Tabby's star, popularly called the "Alien Megastructure" star and known for its bizarre fluctuating light, has dimmed again, this time by up to 10 percent. This dip is one of the most dramatic drops in light ever observed from this celestial object.
The last record dip in brightness was identified by the Kepler Space Telescope in 2011, reports Science Alert (SA). This dimming episode started on March 16, according to Tabetha Boyajian, the Louisiana State University astrophysicist who discovered the star. The dimming then returned to normal in the following days, she reported.
Then the star started to dim again on March 26, which she wrote about in the observation blog she maintains. "Today we have some very big news - data taken at TFN last night show the flux is down 5 percent," Boyajian wrote. "This drop has now been confirmed by AAVSO observer John Hall. Looks like we beat the record set just last week on the deepest dip observed since Kepler!"

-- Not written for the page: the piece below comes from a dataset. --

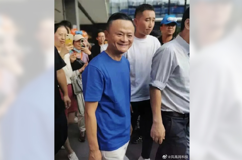 馬雲現身阿里日的照片在微博廣傳,他穿著相當簡便,上身穿著一件藍色T恤,下半身搭配白色長褲,身形明顯比之前更消瘦,不僅兩側鬢角灰白,頭頂上也冒出不少白髮,額頭、眼尾的皺紋都增加不少。

Tabby's star is located 1,280 light years away, so researchers are yet to identify what this actually means or even why the star is sporadically dimming and getting brighter. This does not seem to match up with a planetary pass-by. According to the SA report, when a planet crosses a star, the dip in light is normally one percent or less. This is the how exoplanets are found – when there is a dip in light from stars at regular intervals.
In fact, this is the main function of Kepler. So when Kepler first found Tabby's star, the dimming was not just irregular in terms of intervals between each dip, the intensity of the dimming was also inconsistent. In a Kepler observation in 2011, the report notes that the drop in brightness was as much as 22 percent. Last year, there were several dimming events as well.

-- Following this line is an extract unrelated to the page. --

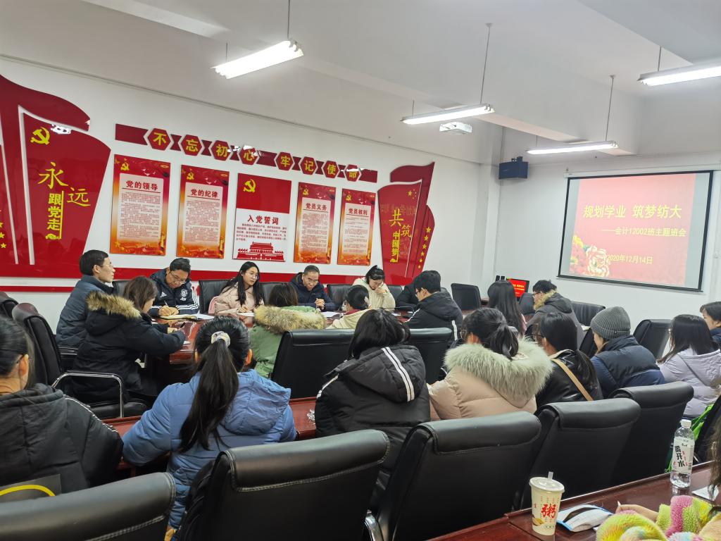 12月14日下午,校长徐卫林到yl23455永利官网会计12002班参加“规划学业、筑梦纺大”主题班会。学校办公室副主任周闰禄,yl23455永利官网党委书记、院长杜国良,常务副书记杨志强,党委副书记姜永杰和辅导员王霄鹤参加本次班会。

While a dimming star is strange enough, the Tabby's star has also gone through extended periods of brightening in the past. That is what makes the alien megastrcture star so perplexing.
Several theories have been put forward to explain this strange behaviour, including a massive alien body hovering in front of the star, massive dust clouds blocking the view from Earth, small planets with a wobbly orbit, massive planet with rings like Saturn as well as a star swallowing a planet. None of them seem to fully explain this mysterious star.
So far, dust is the leading explanation, according to a January report by Space.com. However, if it really is a dust cloud, it would have to be massive, and dense, as blocking 22 percent of a star's light is no easy task.